The group first showed that E. coli
transformed with plasmid containing an engineered alginate lyase was
able to secrete and degrade alginate effectively. Next, the group
successfully identified and incorporated a functional heterologous
alginate transport and metabolic system into E. coli. The paper
describes this step as the most challenging step because the only
alginol transport system known until then consisted out of a
complicated outer-membrane protein complex and inner-membrane ABC
transporter system which was never successfully shown to be
incorporated into E. coli. Instead, the group ended up trying to find
a way around the challenge of incorporating that system by relying on
homology searches of simpler transporter and symporter systems that
have previously been successfully incorporated into E. coli. The
group found a hypothetical match in a 30 kb fragment in the genome of
Vibro spledidus. Bio Architecture Labs then created a fosmid
(similar to cosmids but more stable) library and screened for
fragments that would allow E. coli cells to grow on medium
containing alginate oligomers. The research group identified three
genes this way that were previously also found using the homology
search strategy. To prove the necessity and functionality of these
genes in alginate import and metabolism, each gene was individually
knocked out and tested. Lastly, the group looked for further genes
that could help in the import and metabolism of alginate by looking
for other genes surrounding the initial 30 kb fragment and identified
a couple of more candidates which the group further characterized.
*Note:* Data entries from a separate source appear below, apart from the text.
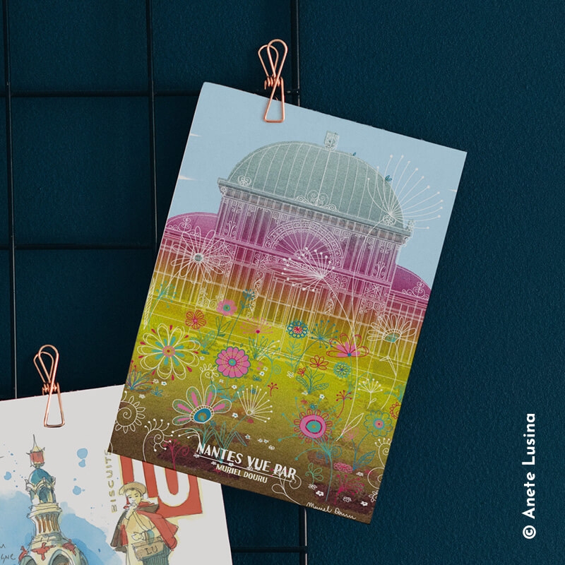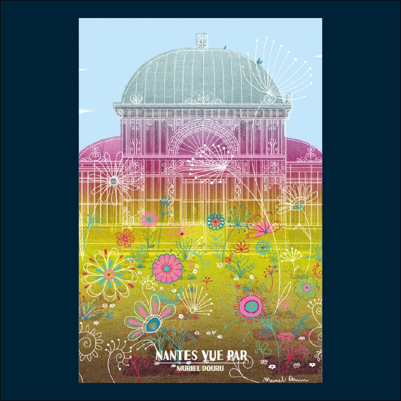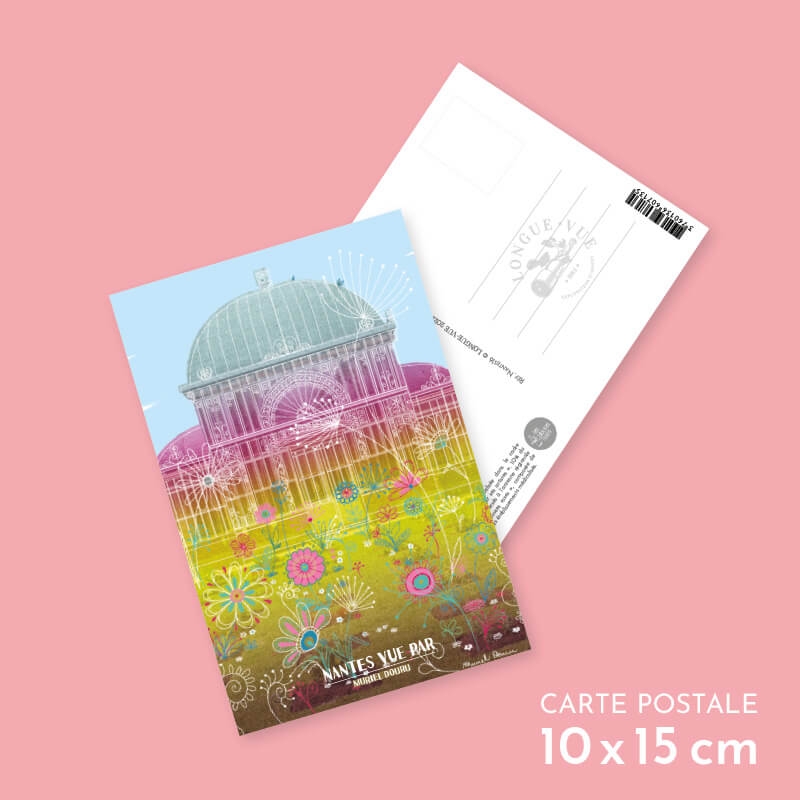 Carte postale 10 x 15 cm - Grande serre du Jardin des plantes - Illustration de Muriel DOURU - Collection Nantes - Couleur du fond : Beige.
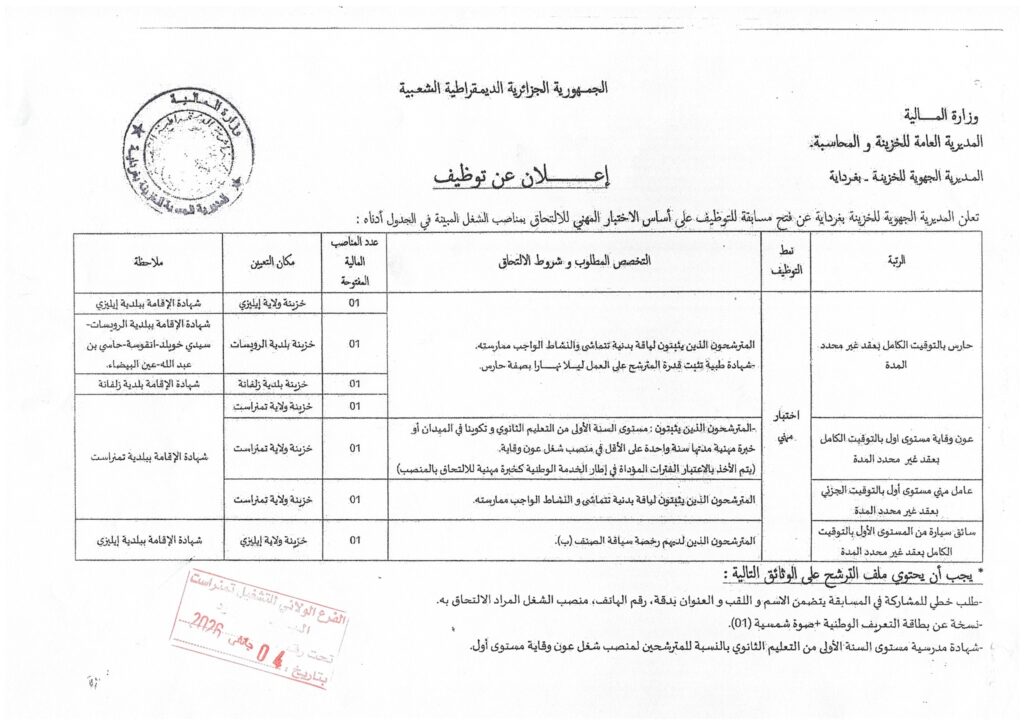 تعلن المديرية الجهوية للخزينة بغرداية عن فتح مسابقة للتوظيف على أساس الاختبار المهني للالتحاق بمناصب الشغل المبينة أدناه:
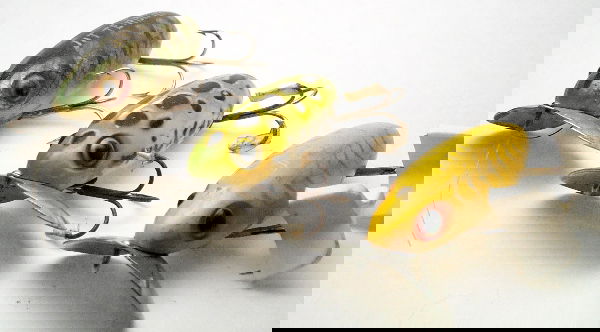 SoldA Collection of Six Vintage Fred Arbogast Jitterbug and Assorted Fishing LuresA collection of six loose, hard-bodied vintage fishing lures. The group includes two larger Fred Arbogast Jitterbug models, manufactured by Fred Arbogast, Akron, Ohio, each featuring distinct metal liSee Sold Price

The result: After several rounds of
optimization on synthetic medium, E. coli containing the full
alginate metabolism pathway were able to produce ethanol directly
from Saccharina japonica at a final titer of ~ 4.7% which represents
an approximate yield of 80% of maximum theoretical yield. This
represents terrific efficiencies in the pathway.
So what's the significance?
Erik Stokstad noted in a commentary
appearing in the same issue of Science that E. coli could be modified
to produce other fuels and other valuable chemicals from the same
feedstock source. As to major hurdles and sustainability, the
commentary points out that to just replace 1 % of U.S. Gasoline supply
would require growing seaweed in an area of over 11, 000 square
kilometers. To put this into perspective, the US does not currently
do any significant amount of seaweed farming, and due to the large
area requirement the technology would obviously only be feasible in
coastal regions. Still, in the search for alternative energy sources, there will be no silver bullet. Seaweed-derived biofuels can be one of many important sources. Or cautionary note, according to the commentary, a full-life cycle
analysis is currently being performed right now so there is no final answer yet when it comes to sustainability aspects. My guess is that seaweed-derived biofuels can be sustainable if a number of stringent criteria are fulfilled. Of course, for the reader of
this blog, the question of coupling several processes such as
bioremediation with production of renewable chemicals is always an
interesting aspect to further explore.
Source:
2. Erik Stoktad “Engineered Superbugs
Boost Hopes Of Turning Seaweed Into Fuel”. Science 335, 273 (2012).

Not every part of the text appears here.